NEIROIDR Breaks Below 1.32 as Volume Surges Bearish

Sunday, Feb 8, 2026 8:57 am ET1min read
Aime RobotAime Summary

- NEIROIDR fell below 1.32 with increased volume, confirming bearish momentum.

- RSI and MACD indicate oversold conditions and sustained downward pressure.

- Final 6-hour volume spike aligned with price breaking key support levels.

- Next target is 1.29-1.30 Fibonacci extension if 1.31-1.32 support fails.

Summary
• Price opened at 1.36 and closed at 1.34, with a 1.35 pivot showing short-term resistance.
• Volatility dipped during early Asian hours before resuming selling pressure.
• RSI and MACD suggest moderate bearish momentum with potential for oversold conditions.
• Volume surged in the final 6 hours, aligning with a lower close and bearish confirmation.
• A 1.32 support level holds, but a breakdown could trigger further Fibonacci extension targets.

Price and Volume Summary

Neiro/Rupiah (NEIROIDR) opened at 1.36 on 2026-02-07 12:00 ET, hit a high of 1.36, and closed at 1.34 by 2026-02-08 12:00 ET, with a low of 1.31. Total trading volume was 18,095,142 units, and notional turnover reached 24,247,490.28 Rupiah.

Structure and Momentum

The price action displayed a bearish bias over the 24-hour period, with a clear pivot at 1.35 acting as resistance. A bearish engulfing pattern formed early on, followed by a long lower shadow at 1.31 suggesting a test of a key Fibonacci level. The 61.8% retracement of the 1.34–1.36 move is at 1.33, which the pair appears to have reached.

MACD remained in negative territory, with the line crossing below the signal line mid-session, reinforcing bearish momentum. RSI dipped into oversold territory at 1.31, suggesting potential for a near-term bounce. However, the bearish trend appears intact unless a strong reversal pattern emerges.

Volatility and Volume

Bollinger Bands tightened during the Asian overnight hours before expanding as selling pressure intensified. Price spent the last 12 hours near the lower band, indicating heightened bearish control.

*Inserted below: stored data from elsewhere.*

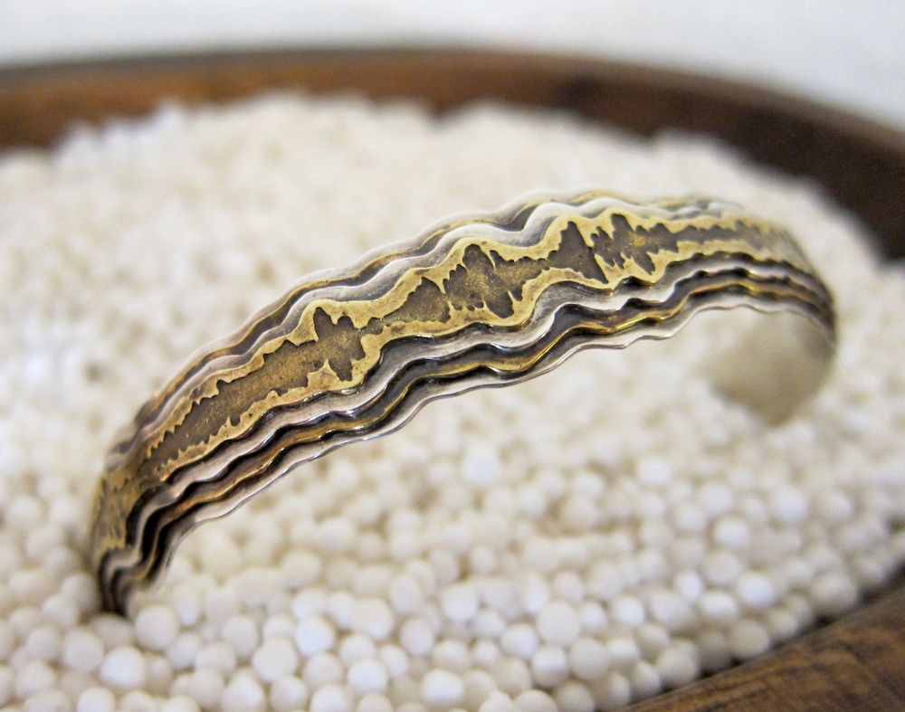 Unlike other stores in the area who go full-tilt fleur de lis, Maria and Patrick pay homage to their home city in stylized ways that are personal to them; the ‘Let’s Eat’ shield with crawfish, the shotgun house bracelets, and the aforementioned nature series made from pressed leaves. Maria shared with me her goal as a professional jewelry artist was to create thoughtful adornment that could be both beautiful as well as powerful. This is likely why many n’awlins locals turn to these artists for authentic custom work, and their new waveform series called “Heart Beat of the City” is a great example of their subtle approach. By etching the sound waves of a song like ‘Do you Know What it Means to Miss New Orleans’ into a hand cut and layered bracelet, they offer visitor and resident alike a beautiful way to support both the art of New Orleans and the current local artists.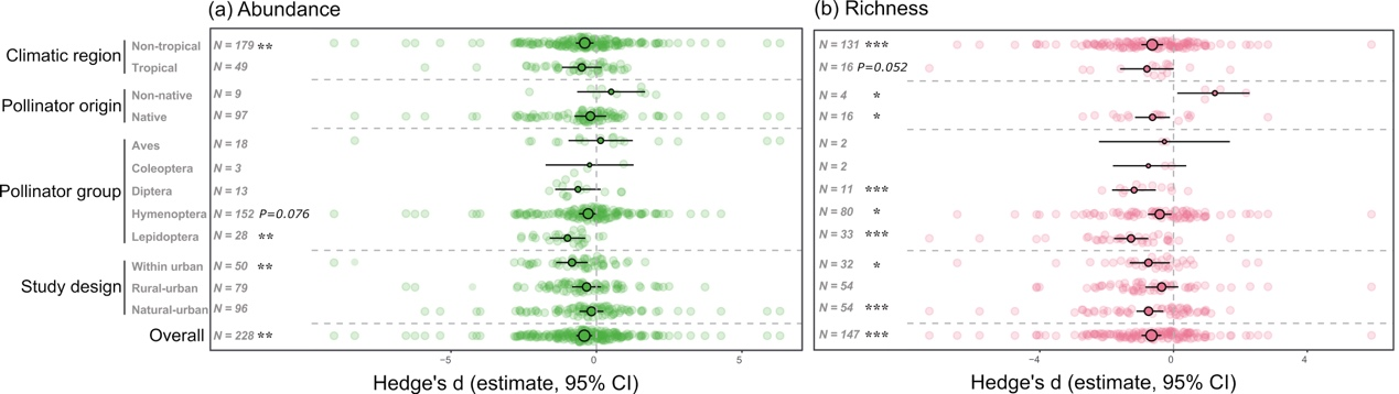 重点实验室植物繁殖生态学学科团队近年来持续关注城市环境与动植物传粉互作,系统梳理了传粉者多样性的生态价值和综合功能(Plant Diversity, 44: 429-435, 2022),揭示了城市环境对传粉者多样性和传粉服务的影响可以发生在极小的尺度上(Urban Forest and Urban Greening, 65: 127378, 2021)。近期,学科组与德国哈勒·威登堡大学合作,系统收集了全球可用数据并深入分析了城市化与传粉者多样性及传粉服务的关系,并通过对城市环境特征以及传粉者特征分析,提出了一系列可能发挥作用的因子,重点探讨了以下三个科学问题。首先,城市化对传粉者多样性的影响。与自然生境相比,城市中传粉者多度不变,但物种数显著降低;城市内部差异显著,这种差异与城市环境异质性高度有关,中等干扰程度且食物和筑巢资源丰富的生境能支持较高的传粉者多样性。不同类群传粉者响应具有明显差异,鳞翅目昆虫受影响最严重,其次膜翅目和双翅目,而鸟类和鞘翅目未受影响。值得关注的是,城市化促进了外来的传粉者,减少了本地物种,外来物种可能通过竞争花资源、筑巢地点或传播寄生虫和病原体而加剧本地野生物种的保护风险。第二,城市化对具有不同功能性状传粉者的过滤作用。城市化显著减少了地下筑巢、独居性和早春活动的传粉者多样性,但食性多寡、体型大小和活跃时长等不是显著影响因素,未来需对物候、耐热性、飞行能力等影响适应城市环境的性状展开深入研究。第三,城市化对传粉服务的影响。虽然传粉者多样性降低,但是城市传粉者仍然为城市植物提供足够的传粉服务,尤其结籽率,泛化的蜜蜂属和熊蜂属昆虫对城市化耐受程度高,对促进城市植物繁殖成功有重要意义。另外,具对称性花的植物繁殖成功显著增加,而植物来源(外来或者本地)并不影响其在城市中的繁殖成功。
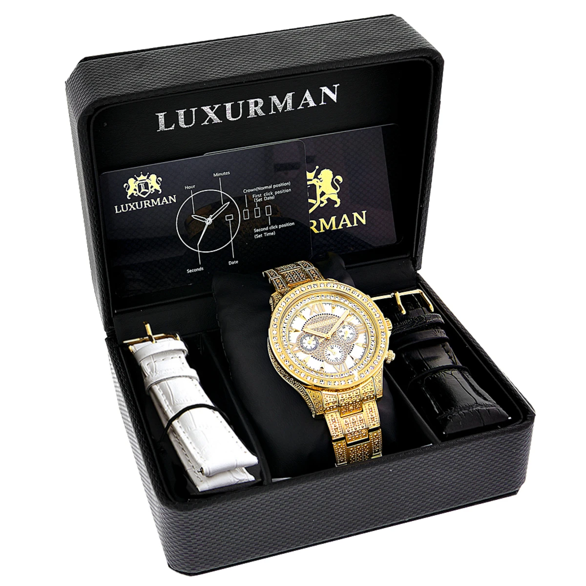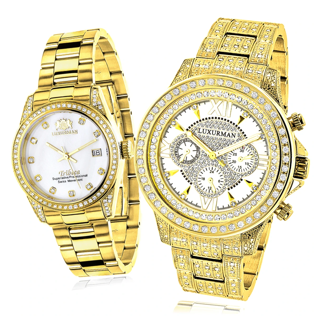 His And Hers Yellow Gold Plated Luxurman Diamond Watch 4.5ct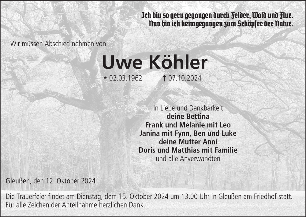 Hier finden Sie alle Traueranzeigen aus der Zeitung, die bisher für Uwe Köhler erschienen sind. Weitere Traueranzeigen, die in der Zeitung erscheinen, werden hier ebenfalls aufgelistet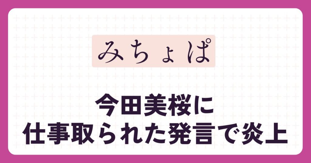 人気タレントのみちょぱこと池田美優さんが、女優の今田美桜さんに対して行った発言が大きな話題となっています。 「仕事を取られた」という趣旨の発言が、ネット上で批判を浴びる事態に発展しました。 今回は、みちょぱさんの発言内容や炎上の経緯、そし... -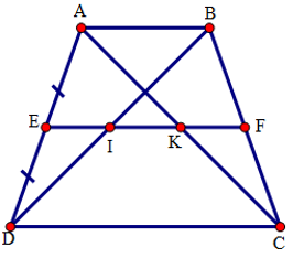 Xét hình thang \(ABCD\) có \(AB//CD,AE=ED,FE//AB//CD\), suy ra \(BF=FC\) (định lí đường trung bình của hình thang).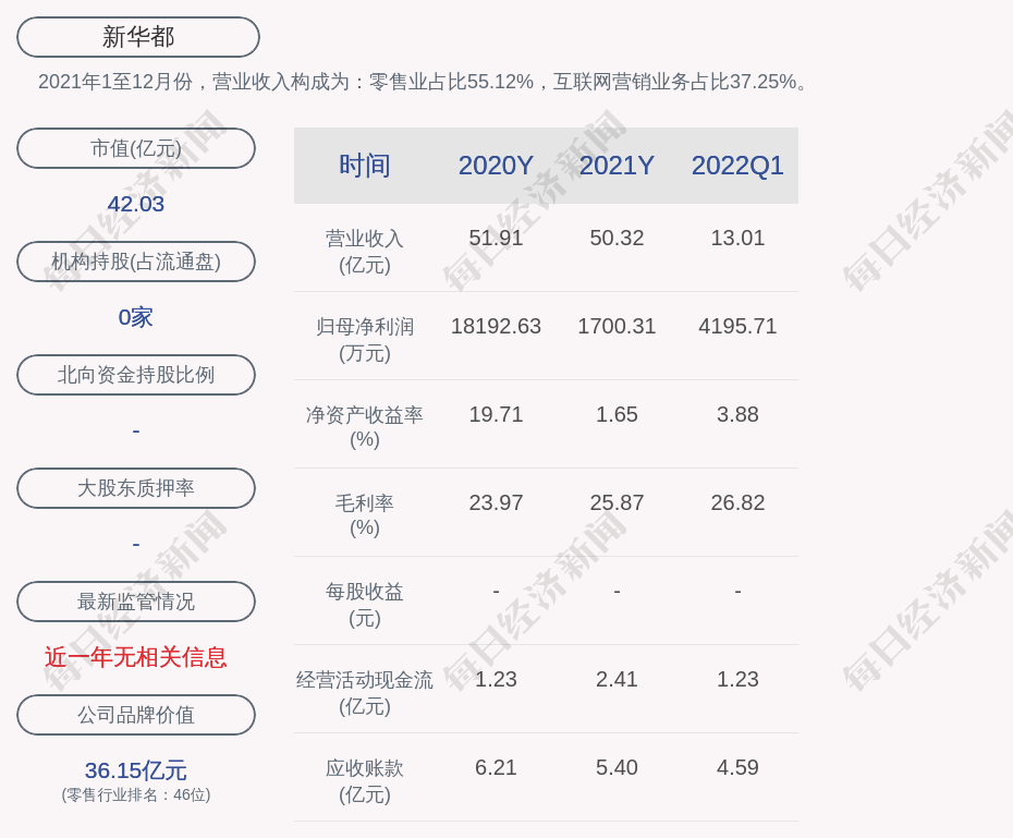 2021年1至12月份,新华都的营业收入构成为:零售业占比55.12%,互联网营销业务占比37.25%。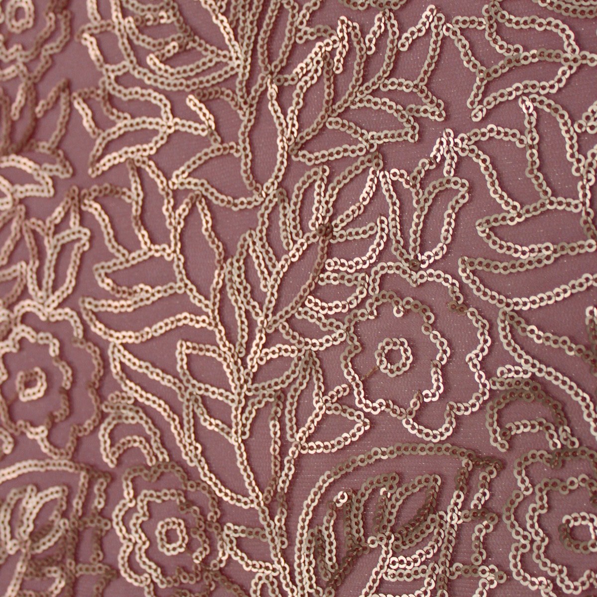 Sheer pale pink fabric with intricate botanical sequin pattern.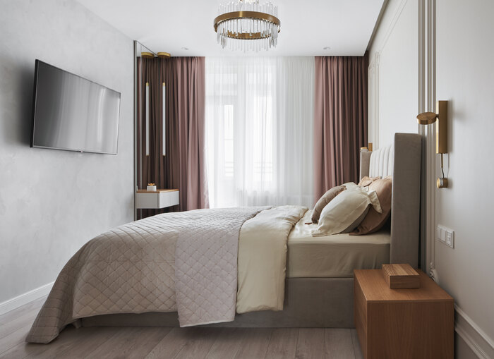 Дизайн интерьера квартиры и ремонт в стиле современная классика с яркими акцентами в ЖК «Life Лесная» - 124 м²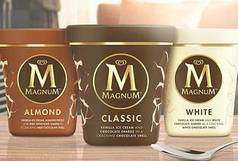 Magnum propose une nouvelle gamme de glaces, les glaces en pot. Le produit, décliné en « classic », « amande », et « blanc », chacun contenant 30 % de chocolat, est lancé en même temps dans plusieurs autres pays européens.
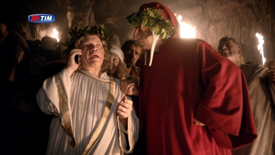 Come ogni coppia anche Dante, Neri Marcorè, e Beatrice, Bianca Balti, amoreggiano al telefono scambiandosi dolci effusioni. Ma nel girone infernale le anime soffrono ascoltando le affettuosità dei due innamorati e anche per la durata delle loro chiamate. Dante infatti ha Tutto a Secondi di TIM, quindi può telefonare per ore, tanto che chiede al suo compagno di viaggio Virgilio, Marco Marzocca, di dedicare una poesia alla sua amata. Tra le tante, a Virgilio verrà in mente quella sbagliata.
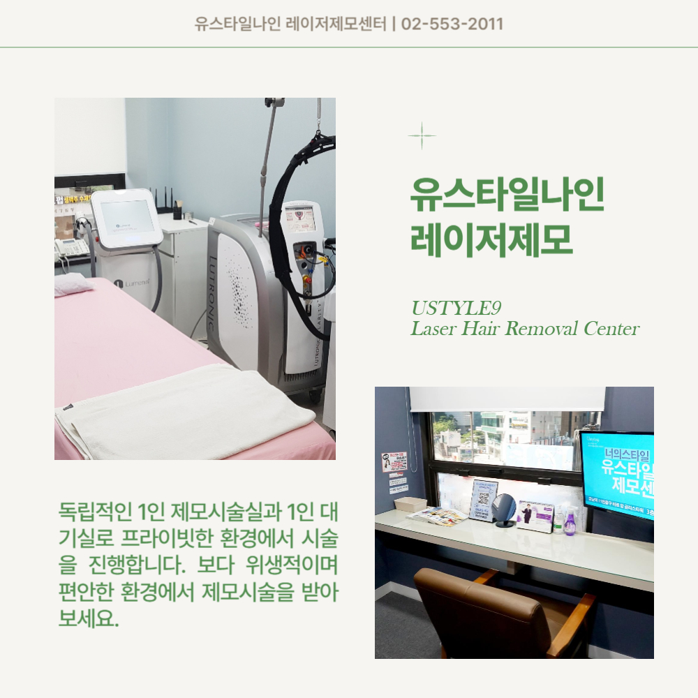 아무리 팔털제모 더라도 털을 치료하다보니 여성으로써 민망함을 느낄 수 밖에 없잖아요? 하지만 유스타일나인에서는 1인 실을 제공해 주는 병원이라 안심하고 털을 없앨 수 있어 좋은 거 같아요. 게다가 다양한 레이저 장비들을 종류별로 갖추고 털 상태 맞춰 다양한 레이저를 사용해 주니 좀 더 완성도 높은 제모가 되는 거 같습니다.

Volume spiked significantly during the final 6 hours of the session, particularly at 0645 ET when price broke below 1.32. This volume surge confirmed the breakdown and strengthened the bearish narrative. Turnover and price action remained aligned, showing no signs of divergence.

Outlook and Risk Consideration

The next 24 hours will likely test the 1.31–1.32 support zone, with a breakdown potentially pushing toward the 1.29–1.30 Fibonacci extension. A retest of 1.33 could offer a short-term entry for longs, but a decisive close below 1.31 would increase bearish probabilities. Investors should monitor volume for confirmation and remain cautious of a potential pullback into overbought RSI territory.